Getting over my grudge that one hasn’t really seen Flowers of Shanghai unless seen on an abjectly hideous all-region DVD taken from your college library, I can acknowledge a 4K restoration of Hou Hsiao-hsien’s masterpiece as essential beyond essential. A milestone in the most seminal of contemporary careers and (even in a fuzzy transfer) one of the most enveloping movies of its time, this is cinema for which neglecting of any sort simply will not stand.

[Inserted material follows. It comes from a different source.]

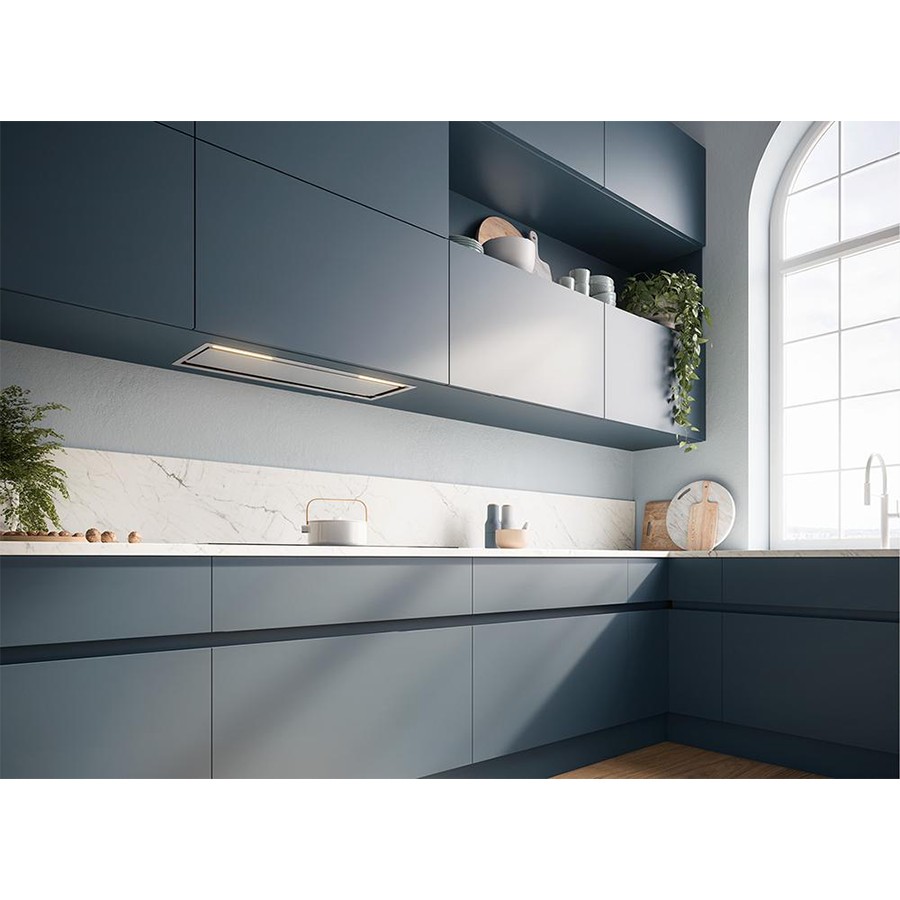 The Falmec Gruppo Incasso Plus Green Tech is a built-in cooker hood with powerful extraction performance of up to 800 m³/h powered by a high-efficiency Green Tech motor. It uses perimeter suction and electronic controls to efficiently remove cooking fumes, and includes a removable, washable metal grease filter with optional charcoal filter and remote control for flexible operation. The hood also has dimmable LED lighting with dynamic light settings to illuminate your cooking area and is designed for seamless integration into kitchen cabinetry for a sleek, functional installation.

And you can see it starting tomorrow, courtesy Film Forum, in advance of which there’s a trailer showing off the work conducted by Shochiku and Shanghai International Film Festival, who worked from the original 35mm negative. No joke, no exaggeration: seeing even just a bit of this on a browser window in a compressed version felt like a warm bath for my eyes.
Watch the trailer below:
An intoxicating, time-bending experience bathed in the golden glow of oil lamps and wreathed in an opium haze, Hou Hsiao-hsien’s gorgeous period reverie traces the romantic intrigue, jealousies, and tensions swirling around a late 19th century Shanghai brothel, where the courtesans live confined to a gilded cage, ensconced in opulent splendor yet forced to work to buy back their freedom. Among the regular clients is the taciturn Master Wang (Tony Leung Chiu-wai), whose relationship with his longtime mistress (Michiko Hada) is roiled by a perceived act of betrayal. Composed in a procession of entrancing long takes, Flowers of Shanghai evokes a vanished world of decadence and cruelty, an insular universe where much of the dramatic action remains tantalizingly offscreen—even as its emotional fallout registers with quiet devastation.